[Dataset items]
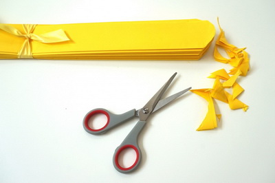 4. С помощью ножниц обрежьте концы "гармошки" полукругом или треугольником (в зависимости от того, какой формы лепестки Вы хотите получить).
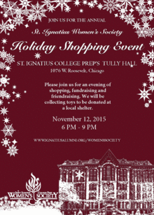 Start you holiday Shopping early. The S. Ignatius College Prep Women's Society annual Holiday Event will be held Thursday November 12, 2015 form 6:00 PM to 9:00 PM. Vendor's tables will be set up in the school's Tully Dining Hall, 1076 West Roosevelt Road, Chicago. All proceeds from this sale will be used to help finance the Women's Society philanthropic initiative. Recent appeals have funded such projects as technology in the classroom and the installation of new stained glass windows in the Cuneo Chapel. There is something for everyone we will have vendors, cash bar, food and fabulous raffle prizes during the evening. Spread the word to your friends and family about a night of shopping, fundraising and friendraising.
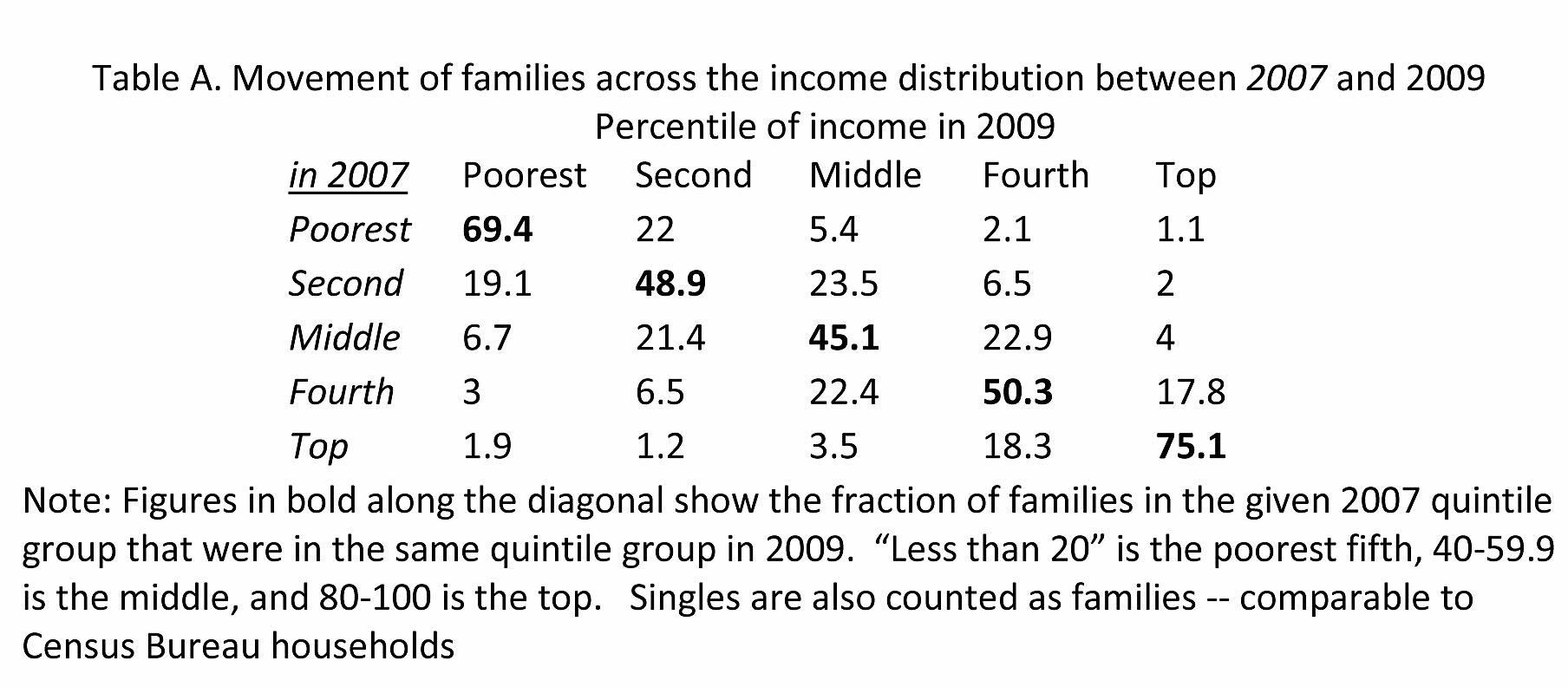 Table A, adapted from the latest SCF report shows changes in income by quintile (fifth) between 2007 and 2009. For example, only 45.1 percent of families with incomes in the middle fifth of the distribution in 2009 were also in the middle in 2007 (indicated by the bold font along the diagonal). Among the rest, slightly more moved up from a lower income group (28.9 percent) than slipped down from a higher group (25.9 percent).
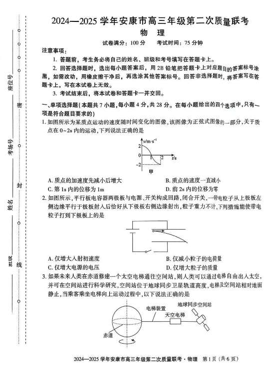 陕西省安康市2025届高三下学期第二次质量联考(安康二模)物理+答案
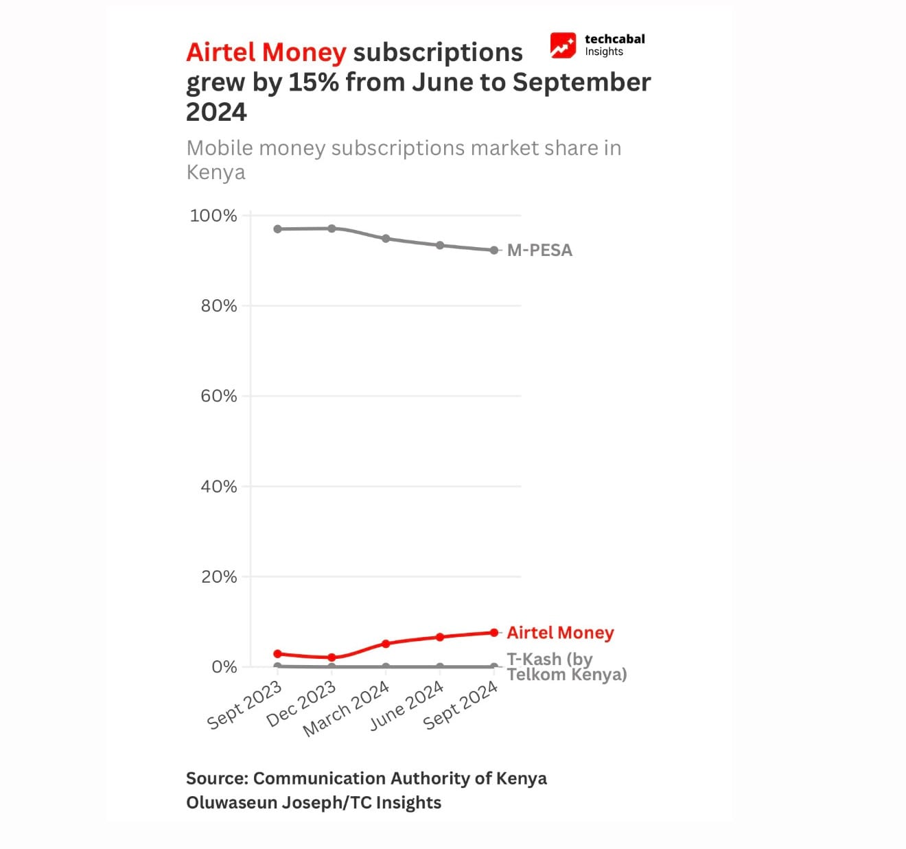 Airtel Money subscriptions grew by 15% from June to September 2024.
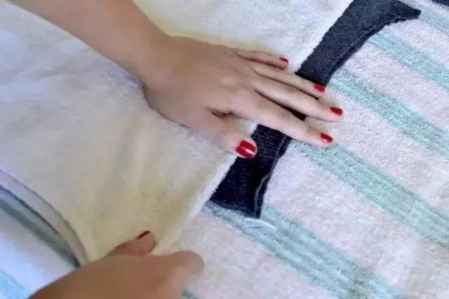 STEP 3: 25分钟后将衣物取出来拧干,平铺在毛巾上,拧干后将衣物静置在毛巾上10分钟左右。
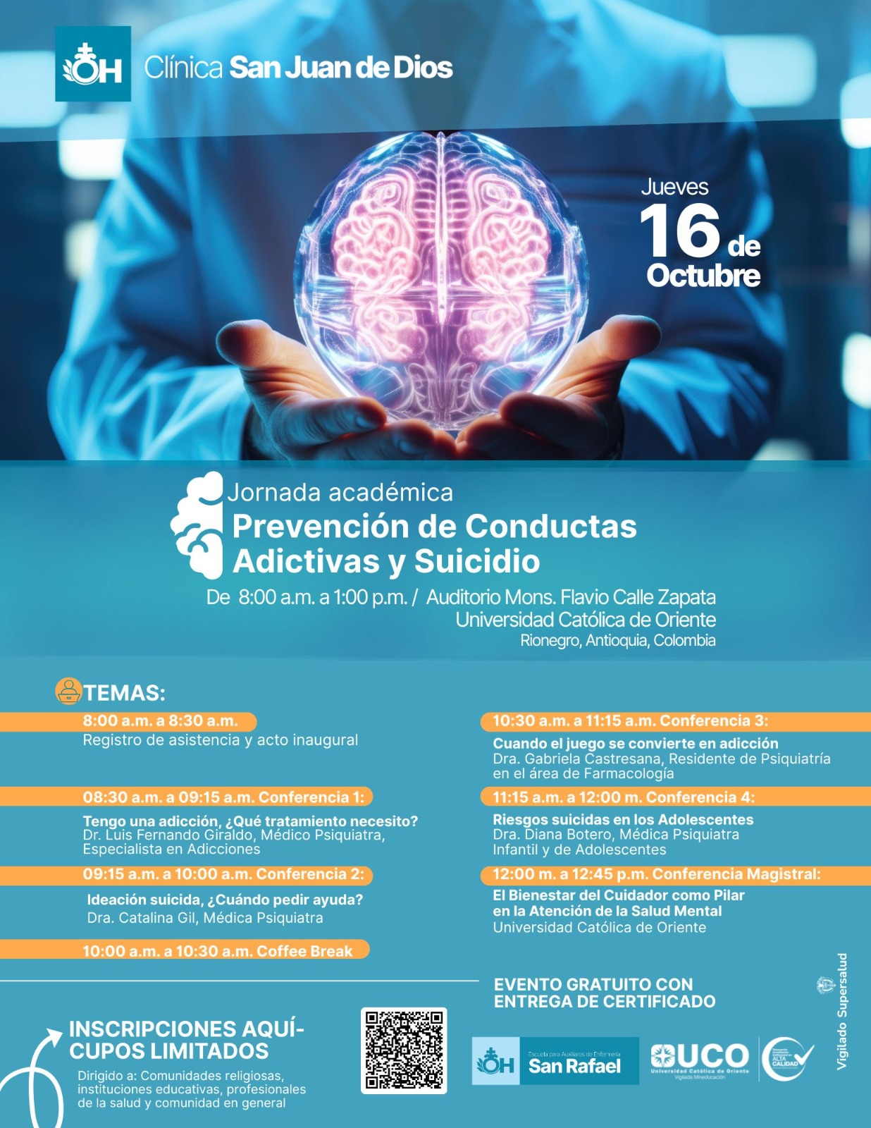 La Clínica San Juan de Dios de La Ceja, en alianza con la Universidad Católica de Oriente (UCO), invita a medios de comunicación, instituciones educativas, profesionales de la salud, comunidades religiosas, familias y comunidad en general a participar de la Jornada Académica de Prevención de Conductas Adictivas y Suicidio, que tendrá lugar el próximo jueves 16 de octubre a partir de las 7:30 a.m., en el Auditorio Mons. Flavio Calle Zapata de la UCO, el evento será de entrada gratuita y certificada, con previa inscripción.
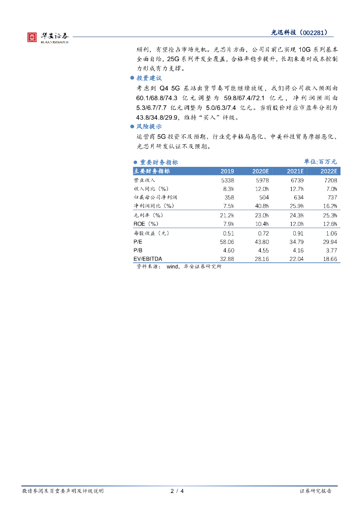 华安证券:光迅科技(002281)-多产品线抵御5G出货周期性,龙头地位不改.pdf
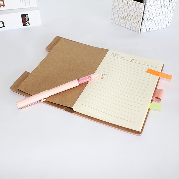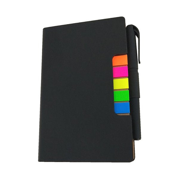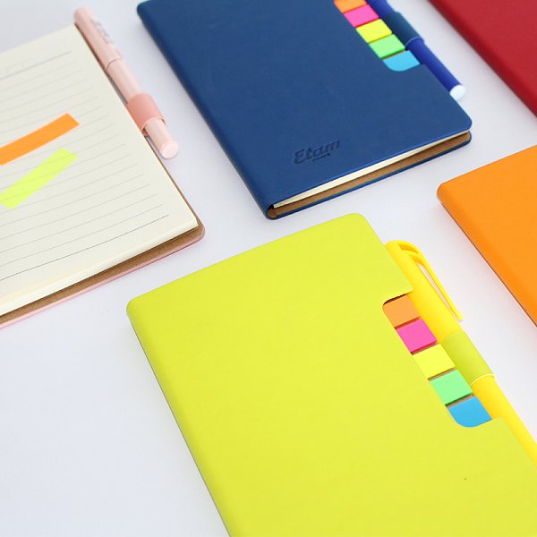 三合一精裝筆記本款便利貼-PU封面-平頭PET五色標-附筆
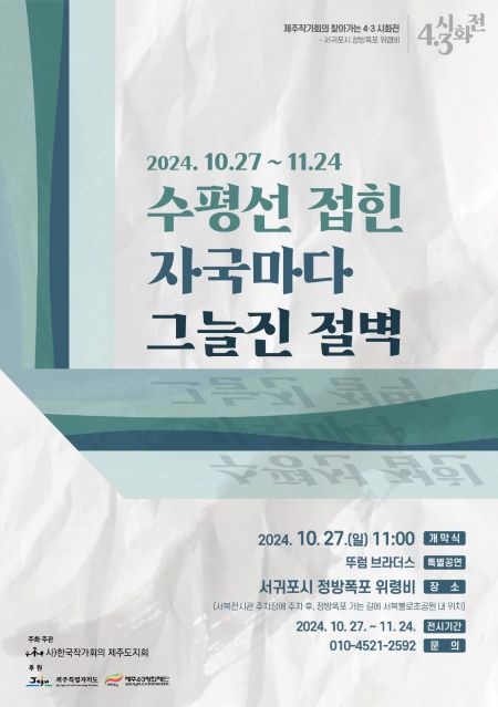 시화전 개막식은 오는 27일 오전 11시 서귀포시 서복전시관 주차장 옆에 마련된 정방폭포 4·3 위령비 공간에서 열린다. 뚜럼 브라더스가 특별출연해 노래로 추모하며, 김영숙 시인과 김혜연 시인이 추모 시를 낭독할 예정이다.
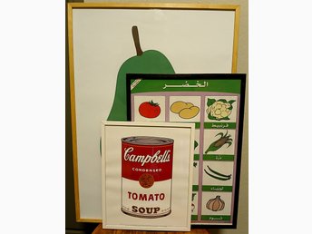 Tre Tavlor med tema Mat. Inramade affischer. Bl.a. Andy Warhol.
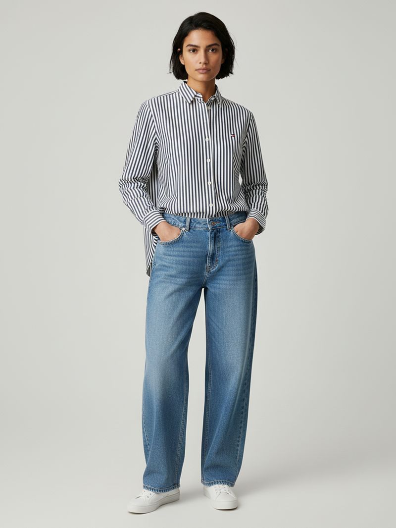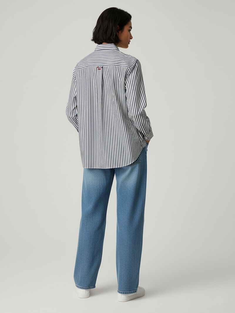 Disfruta de los modernos diseños que trae Tommy Hilfiger esta temporada, esta camisa manga larga de corte relajado se adorna con un atractivo estampado de rayas verticales que se complementa con los distintivos detalles de Tommy Hilfiger.
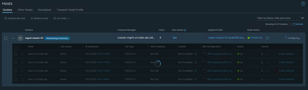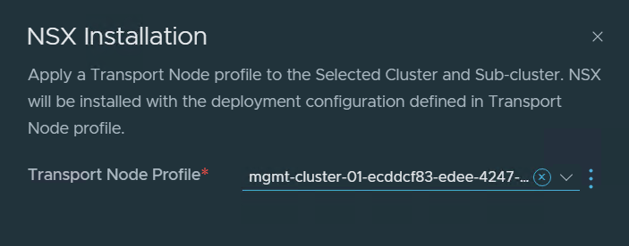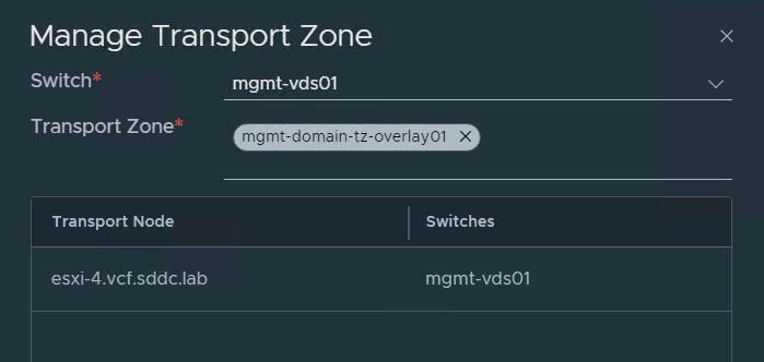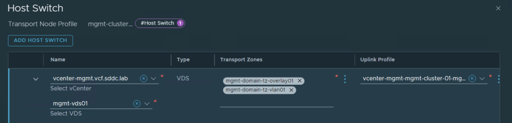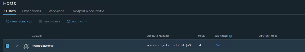 When using a Baseline based Workload Domain (WLD) the TNP is detached from the cluster. This would always be the case with the Management WLD. This means that when you have added the VLAN Transport Zone to the TNP, it needs to be attached to the cluster so that the Transport Zone can be added to the hosts. Then you should detach the TNP from the cluster again. If you have an Images based WLD, the TNP should already be attached to the cluster and you should leave it like that. The screenshots below are from my Management WLD which is Baseline based. Note that there is nothing listed under Applied Profile.
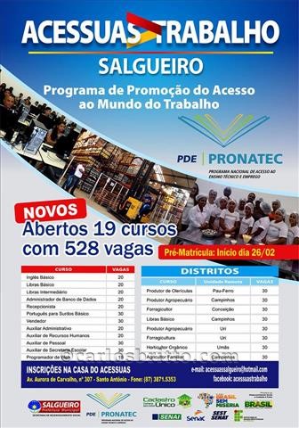 1964769_522144727906767_1121437648_nComeçaram desde ontem (26) em Salgueiro (PE), no Sertão do São Francisco, as pré-matrículas de 19 cursos do Programa Nacional de Acesso ao Ensino Técnico e Emprego (Pronatec) que vão beneficiar interessados na zona urbana e rural.
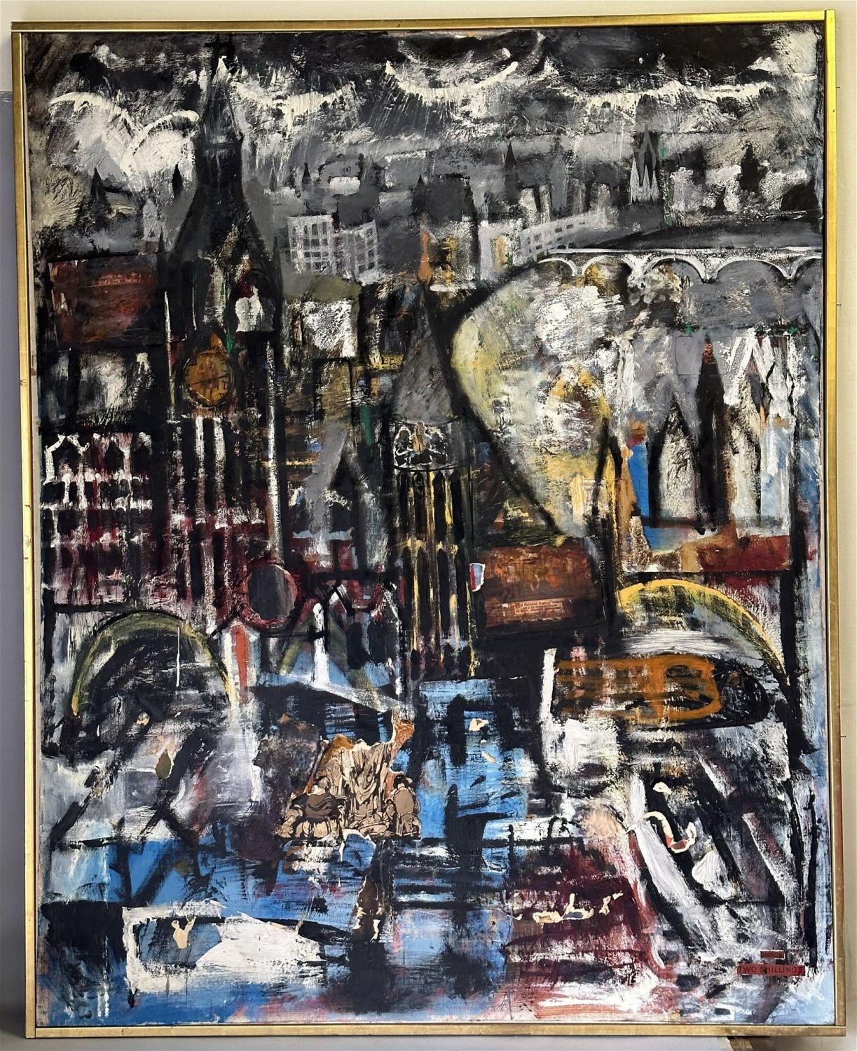 Title: "Two Shillings". Mixed media oil, collage, paint, paper clippings on canvas. Sight: 60" x 48" Frame: 61.5" x 49.5"
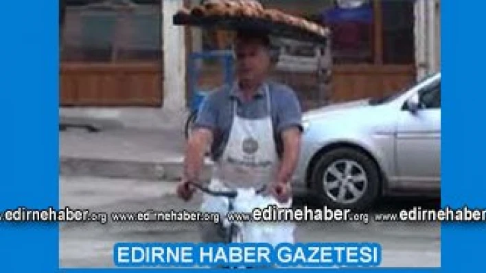 Kırklarelili simitçi Tahsin İnceoğlu'nun (58) bisiklet kullanırken başında taşıdığı simit tepsisini düşürmemek için harcadığı çaba görenleri şaşırtmaya yetiyor.
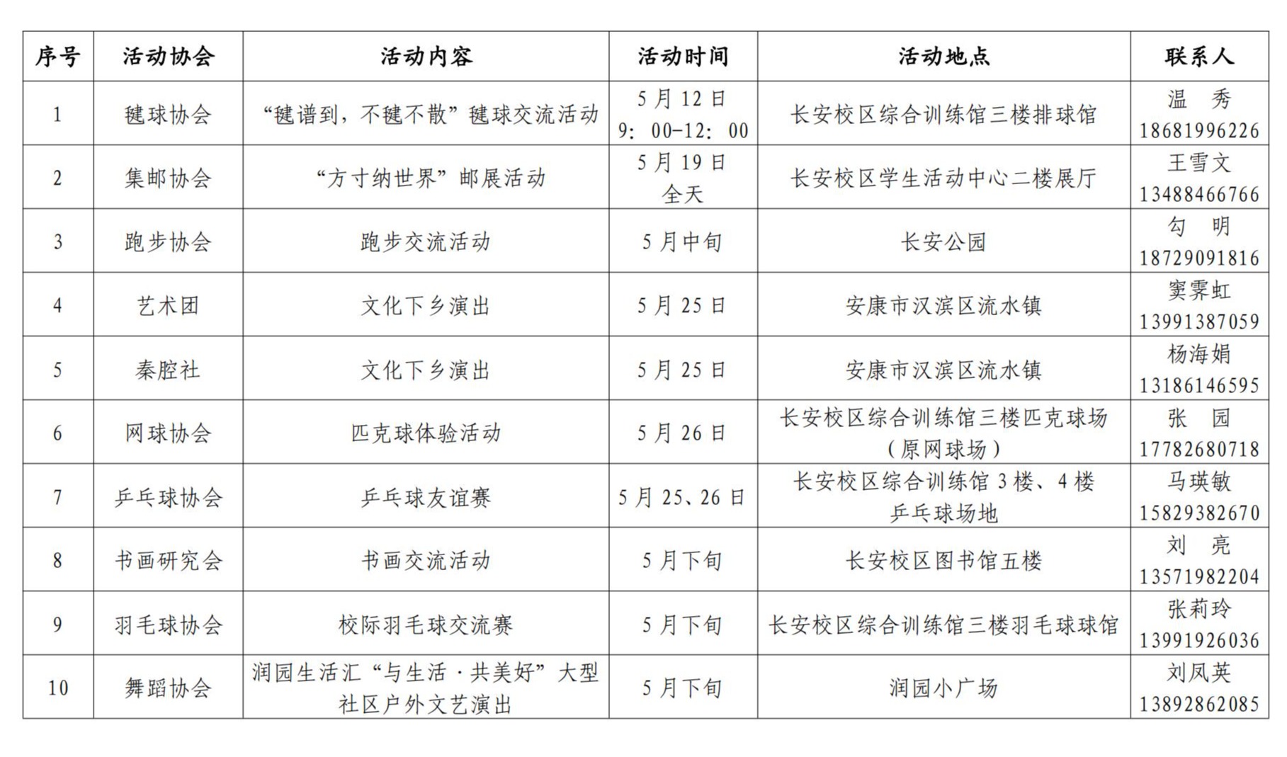 关于举办2024年教职工协会活动月的通知 作者:校工会 编辑: 时间:2024-05-09 各基层分会: 为了发挥教职工协会在推进校园文化建设、丰富教职工业余生活、促进教职工身心健康、凝聚和团结教职工等方面的作用,校工会决定于2024年5月份举办“MILAN.COM教职工协会活动月”,各教职工协会将开展丰富多彩的文体活动。欢迎广大教职工参加或前往观看。 具体活动安排如下: 联系人:田霖 联系电话:88302521 校工会 2024年5月9日
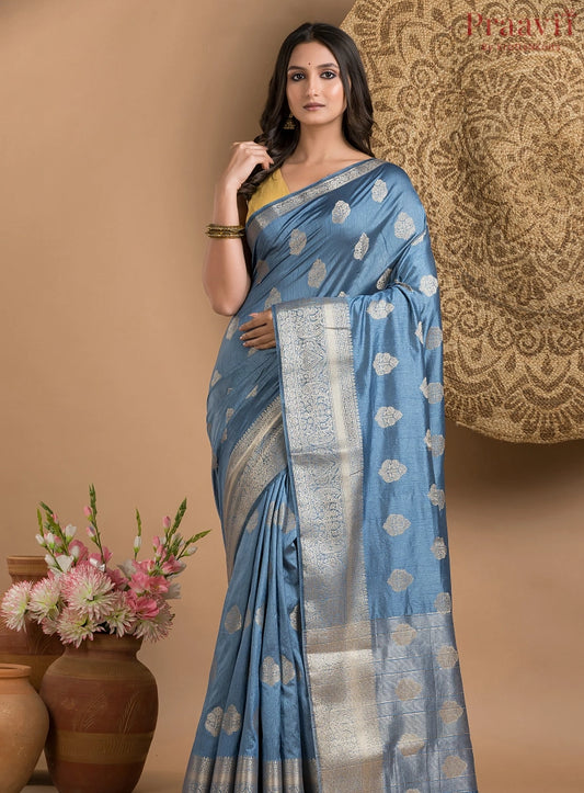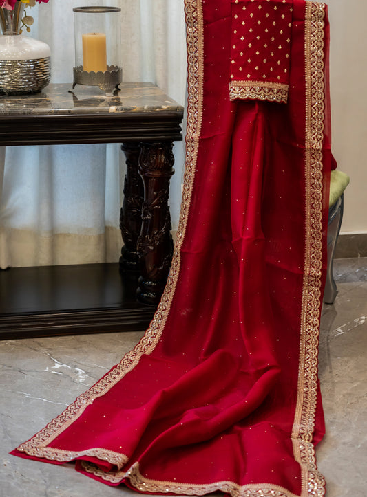Organza sarees are made from silk or synthetic fibres. It is a thin, translucent fabric. Pure organza sarees are known for their lightweight and crisp texture. Organza fabric saree has elegant drapes, intricate embroidery, zari work, and sequins that add luxurious appeal, making them suitable for any occasion.

**What is expected:** Return exactly the lines above, from the one with "Start you holiday" up to and including the one with "Disfruta de los", and include no pictures.

**Solution to the problem:**
 Start you holiday Shopping early. The S. Ignatius College Prep Women's Society annual Holiday Event will be held Thursday November 12, 2015 form 6:00 PM to 9:00 PM. Vendor's tables will be set up in the school's Tully Dining Hall, 1076 West Roosevelt Road, Chicago. All proceeds from this sale will be used to help finance the Women's Society philanthropic initiative. Recent appeals have funded such projects as technology in the classroom and the installation of new stained glass windows in the Cuneo Chapel. There is something for everyone we will have vendors, cash bar, food and fabulous raffle prizes during the evening. Spread the word to your friends and family about a night of shopping, fundraising and friendraising.
 Table A, adapted from the latest SCF report shows changes in income by quintile (fifth) between 2007 and 2009. For example, only 45.1 percent of families with incomes in the middle fifth of the distribution in 2009 were also in the middle in 2007 (indicated by the bold font along the diagonal). Among the rest, slightly more moved up from a lower income group (28.9 percent) than slipped down from a higher group (25.9 percent).
 陕西省安康市2025届高三下学期第二次质量联考(安康二模)物理+答案
 Airtel Money subscriptions grew by 15% from June to September 2024.
 STEP 3: 25分钟后将衣物取出来拧干,平铺在毛巾上,拧干后将衣物静置在毛巾上10分钟左右。
 La Clínica San Juan de Dios de La Ceja, en alianza con la Universidad Católica de Oriente (UCO), invita a medios de comunicación, instituciones educativas, profesionales de la salud, comunidades religiosas, familias y comunidad en general a participar de la Jornada Académica de Prevención de Conductas Adictivas y Suicidio, que tendrá lugar el próximo jueves 16 de octubre a partir de las 7:30 a.m., en el Auditorio Mons. Flavio Calle Zapata de la UCO, el evento será de entrada gratuita y certificada, con previa inscripción.
 华安证券:光迅科技(002281)-多产品线抵御5G出货周期性,龙头地位不改.pdf
 三合一精裝筆記本款便利貼-PU封面-平頭PET五色標-附筆
 시화전 개막식은 오는 27일 오전 11시 서귀포시 서복전시관 주차장 옆에 마련된 정방폭포 4·3 위령비 공간에서 열린다. 뚜럼 브라더스가 특별출연해 노래로 추모하며, 김영숙 시인과 김혜연 시인이 추모 시를 낭독할 예정이다.
 Tre Tavlor med tema Mat. Inramade affischer. Bl.a. Andy Warhol.
 Disfruta de los modernos diseños que trae Tommy Hilfiger esta temporada, esta camisa manga larga de corte relajado se adorna con un atractivo estampado de rayas verticales que se complementa con los distintivos detalles de Tommy Hilfiger.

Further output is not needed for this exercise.